Materials and methods: L-Arginine (n = 10) or saline (n = 8) was administered intraperitoneally to seven-day-old rats before hypoxia-ischemia. In addition, 18 seven-day-old rats were given l-Arginine (n = 10) or saline (n = 8) after hypoxic-ischemic insult. Neuronal apoptosis was investigated by terminal dUDP-biotin nick end-labeling (TUNEL) following three days of recovery. The ratios of right side numerical density to the sum of right and left sides’ numerical densities (right apoptosis index) were calculated for every brain region in rats receiving l-arginine and they were compared with the vehicle groups.

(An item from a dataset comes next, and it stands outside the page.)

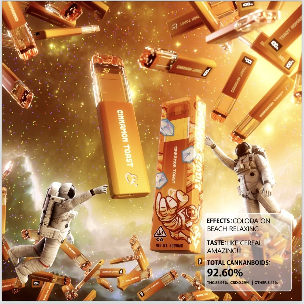 If you’re searching for a THC disposable that hits hard and tastes like your favorite cinnamon-sugar breakfast cereal, the Favorites Cinnamon Toast Disposable 3g is your go-to pick. This powerhouse vape combines premium liquid diamonds extract, rich cinnamon flavor, and ultra-potent 3g capacity to give you a vaping experience that’s anything but ordinary.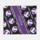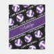 Cette mignonne couverture polaire à thème volleyball pour sa salle de volley présente l'image réaliste d'un volleyball qui a des panneaux violets et blancs modelés à un angle avec la police sportive phrase de texte "I love volleyball" en blanc qui s'étend entre les rangées anglisées de volleyballs - les panneaux violets de volleyballs sont mélangés avec un motif kaleidoscopique girly pour une apparence textuelle - personnalisez son nom dans une police manuscrite sophistiquée sur une bande de couleur violet à rondelle pleine largeur - l'arrière - plan est noir personnalisable - par katz_d_zynes

Results: Right side apoptosis indexes of the hippocampus (mean ± SD; 35.0 ± 16.1) and striatum (41.9 ± 16.0) were significantly decreased in the l-Arginine post-treatment groups when compared to vehicles (61.0 ± 17.0 and 62.4 ± 27.0 respectively) (p < 0.05). There was no significant difference in the right apoptosis indexes of the cortex between l-Arginine post-treated group and the vehicle group. There were also no significant differences between the right side apoptosis indexes of the l-Arginine pretreatment groups and those of the vehicle group in any of the three regions (p > 0.05).
Conclusions: It is concluded that neuronal apoptosis due to hypoxic–ischemic injury may likely to be reduced by post-treatment of l-Arginine in the neonatal rat model and l-Arginine provides a new possibility for neuroprotective strategies based on NO production.
Disclosure statement
No potential conflict of interest was reported by the authors.